Last month I posted a film blog about La La Land, the old-style musical which collected five Baftas in the awards ceremony at the Albert Hall on Sunday evening, including being voted best film and acknowledging Emma Stone as best actress in a leading role, in part no doubt for her performance in the movie’s signature scene, a night-time dance with Ryan Gosling in a setting high above a fairytale-like Los Angeles, during which she is wearing a vivid yellow dress.
But it’s not only in cinemas that yellow has been making a splash. Sales of yellow dresses apparently soared after women saw the film. According to the fashion website Edited, there was a 44% hike in such purchases in the week following the UK release of the movie on January 13. Furthermore, yellow was the most popular colour worn by A-list celebs at last month’s Golden Globes awards. And why not? What colour could more epitomise sun and summer?

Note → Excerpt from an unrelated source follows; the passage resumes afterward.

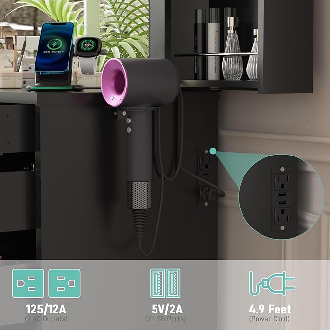 - 【Vanity Desk with Charging Station】This modern vanity includes a charging station with 2 power outlets and 2 USB ports. You can easily plug in your hair dryer or curling iron, and keep your phone or tablet charged while you get ready or watch your favorite shows.
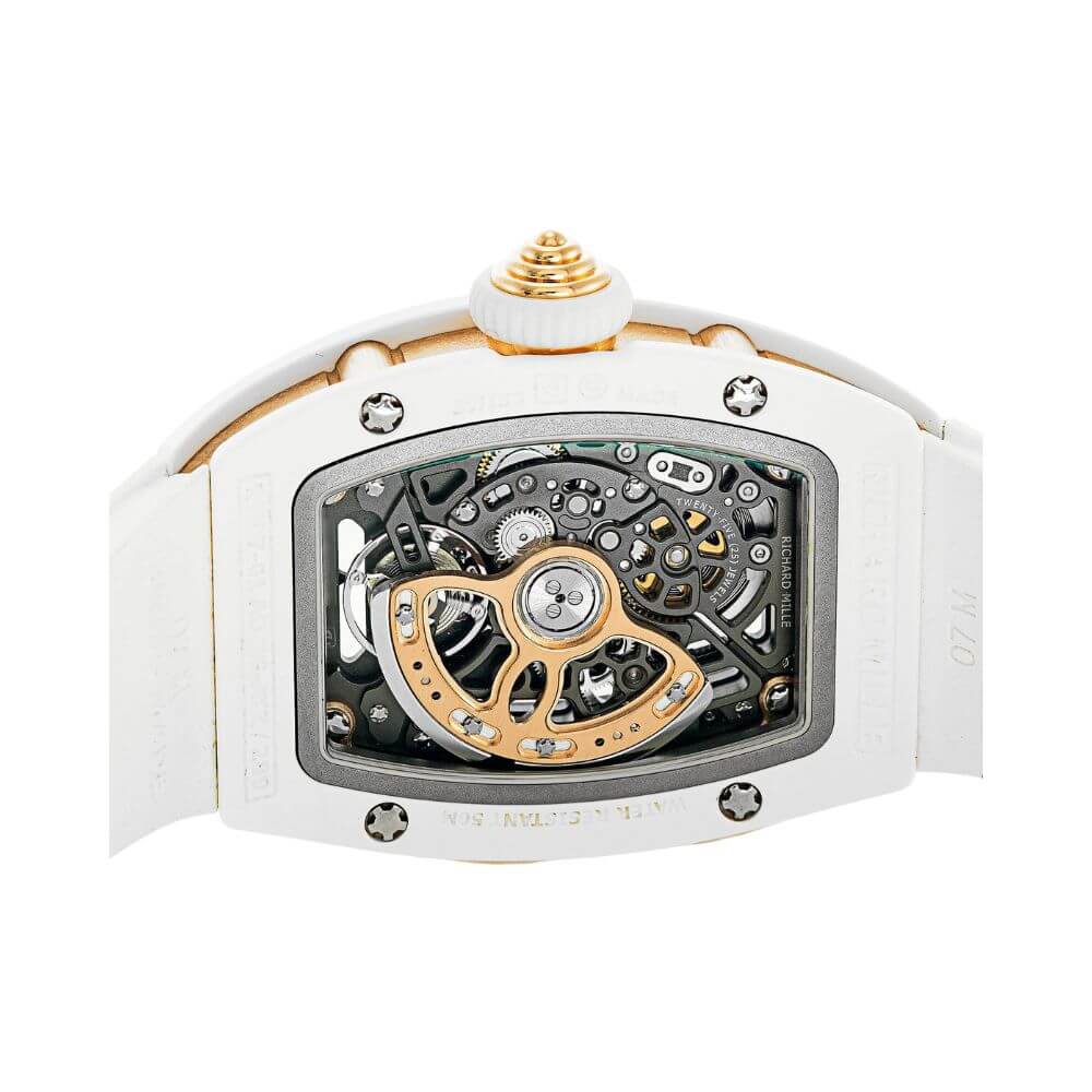 The Richard Mille RM07-01 RG-ATZ features a 31mm white ceramic and rose gold case, offering a perfect blend of durability and sophistication. The combination of these two materials creates a striking contrast that catches the eye. The case is not only visually appealing but also built to last, ensuring the longevity of your timepiece.

And/or optimism and happiness?
There’s a verse in a David Gilmour song, The Girl in the Yellow Dress, which is quite evocative and in context here:
She dances like a flame
Words unheard
Eyes closed and yellow dress
Whirls and swirls
Granted the image below is not of a dress – rather it’s a trouser suit – and nor is the one on the home page, where the sartorial ensemble comes set off with quite a bit of black. (Incidentally, both photos were taken by my niece, Lauren Green…I know, but one can’t change a surname by deed poll just to fit in with the theme of a blog.) However, with regard to Gilmour’s lyric, I think it is marvellously suggestive of femininity, and while I am not suggesting any overarching stereotype in this instance, yellow is a colour that is probably more associated with women than with men. Well, unless maybe that man is George Osborne in one of his frequent sightings in a hi-vis jacket while he was highly visiting some potentially dangerous work site in the days before Brexit, i.e. when he had a job.
Yellow will very much be to the fore in a new Channel 4 series, Locked Up, a Spanish-import television programme about life in a women’s prison which begins in April. Yellow is the colour of the uniforms of the inmates, who from the publicity photos actually look more like models. Well, of course, they do – they’re actresses. Talking of which, there’ll be plenty of those on show in ten days time, because the Oscars are looming. I guess that might mean a few more thespian political remarks aimed at the American president (BTW, as an adjective, trumpery means ‘showy but worthless’) but that’s just the way it goes.
Of course, The Donald seems to be more of an outraged orange kind of guy than a mellow yellow but, be that as it (Theresa) may, spring is almost upon us. Anyone for daffodils?